I tried setting my physical ethernet interface to "link-local" just to get it out of the way of my VLAN interfaces while keeping it active. This vaporizes the ability to configure your dns servers. Even if you had used the Network Settings panel to configure dns servers previously, it quietly deletes them and replaces them with opendns. On the plus side, the Network Settings panel doesn't complain if you set your ethernet interface to "manual" and then leave everything blank except the dns servers.
VLAN network interfaces *never* show up in the Network Settings panel. You're 100% command line and text file editing to manage your VLAN interfaces.
EFI (and GPT)
EFI support is terrible. Almost everyone's is, Mint's is just worse.
With EFI present, it is not possible to complete the installation without an internet connection. Period. Even if you open a shell and manually preinstall the necessary packages (which *are* present on the live iso), the installer is hard coded to download the EFI related packages from the online public repos. It never even bothers to check if those packages are already installed, nor does it try to install them from the iso. Since VLAN's don't exist in Mint's world, if your only network connection requires VLAN tagging, you're completely out of luck. For that matter, if for any other reason you don't have internet access during the install, you're completely out of luck if you booted from the EFI loader.

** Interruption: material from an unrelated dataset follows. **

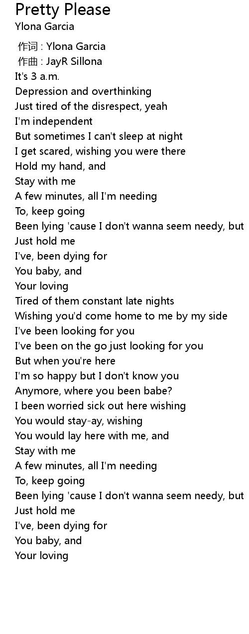 | [00:54.439] | Been lying ' cause I don' t wanna seem needy, but |

Also absent are GPT partition management utilities. In general, it seems like it would be best if you just didn't start the Mint install until you'd already burned a bootable image of Parted Magic in preparation for having to do any partition editing.
tail
During install, the tail command does not work at all. Nor tailf. It shows you the last few lines of the file and just sits there with its thumb up its ass. I found a forum post where someone mentioned this issue a year (and a few Mint versions) or so ago with no response. I don't really like using less and its "F" function to follow files, but at least it works.
ssh
sshd host keys don't get generated. If you're expecting to immediately be able to ssh into your newly installed Mint host, forget it. There may be an official and proper way of doing this, but fortunately I had saved my host keys from my last Linux desktop distro so I just restored those right into place with no fuss.
Minor missing package nits:
gnu screen
socat
kgpg
Some popular but missing packages...
Try installing taskjuggler. Go ahead. With no ruby knowledge. Just try it.
Despite the well rounded stock repos, once going outside their scope, I feel like I'm really up the creek. Being an rpm guy, though familiar with package management in general, normally I know exactly what to do in any situation. Everything from how to find the difficult-to-find packages, to porting source rpm files from other distros, to building my own packages from the spec up I have no problem handling. I've even automated building Solaris packages on my own. I'm no stranger to this. Yet every time I go looking for HOWTO docs on deb packages, I feel like I'm looking at VCR schematics when generally all I want to do is stop the time from flashing 12:00.